Meghan, de Karen Offutt |
Recuerdo una película que contaba una historia normal, pero que para mí fue lo más triste que he podido ver en el cine. Cuando lo pienso bien, no creo que sea tan triste, aunque a mí me lo pareció. Jodie Foster, la hija de la historia viajaba para pasar las Navidades con su familia. Es habitual que los americanos se vayan a vivir a cientos y aún miles de kilómetros de distancia de sus familias y que después las visitas se vayan espaciando y pasen años sin verse e incluso se pierdan la pista. Pero en la película la familia al completo se reunía esas Navidades. Surgían las cuestiones habituales, discutían, se reconciliaban, nada nuevo bajo el sol.

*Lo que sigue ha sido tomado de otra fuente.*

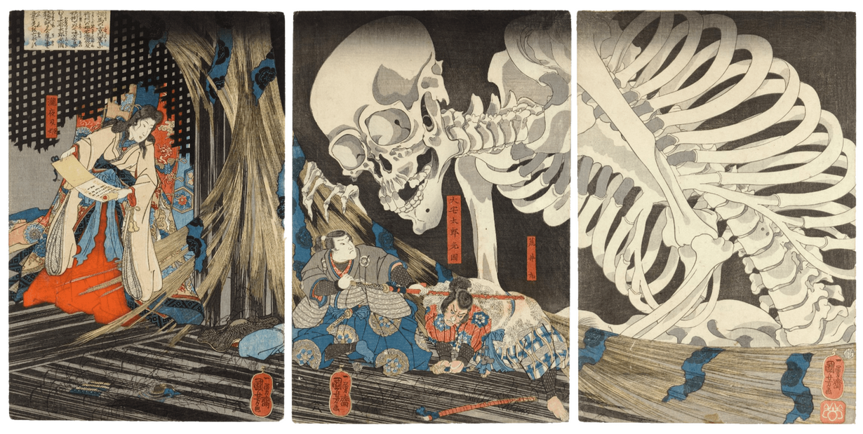This led me to the discovery of one of Japan’s oldest artwork: Utagawa Kuniyoshi’s depiction of “Takiyasha-hime Summoning a Skeleton at the Haunted Old Palace at Sōma”. An old color woodblock print of the Edo Period depicting the tale of Princess Takiyasha as she summons a skeleton specter in order to frighten Oya Taro Mitsukuni at her father’s ruined mansion in Soma. The piece talks about how the princess has used an other worldly creature in order to seek revenge over the man that killed and ended his father’s reign. What I mainly found distinct about the piece was its depiction of an empty void and how the specter bends the images space similar to how a portal opens up to another world.When recreating this image for my work I used yarn attached to the walls of my apartment as a way of distorting the space similar to what the print depicts as the creature rips down the mansion’s walls. Line work has also been heavily used to create the illusion that the yarn has somehow changed the apartment's dimensions. I’ve also recreated the black void by covering the walls with black cartolina placing it next to the yarn installation making it feel like the space has been altered and deformed. Lastly, I used illustration boards and markers to recreate some parts of the specter making it look like it’s emerging from my apartment window. Through stippling I created patterns around the bones making its shape more distinct, utilizing point and line to create its final image.

Pero lo que a mí me pareció insoportablemente triste, es que el padre bajaba al sótano y allí, en un viejo sofá orejero, pasaba las tardes viendo vídeos de cuando sus hijos eran pequeños. Y en esos vídeos Jodie Foster y sus hermanos jugaban con su padre, reían, miraban a la cámara curiosos o corrían a subirse a un árbol. Y el padre, sentado en el sótano, detenía el tiempo de soledad en el que vivía para volver a ese en el que sus hijos eran pequeños y en el que, aunque él entonces no lo sabia, era feliz.
Y yo pensé que a mi me pasaría lo mismo, que consumiría mi invierno viendo vídeos en los que aparecieran mis hijos pequeños y eso me produce una gran tristeza, aunque no sé muy bien por qué.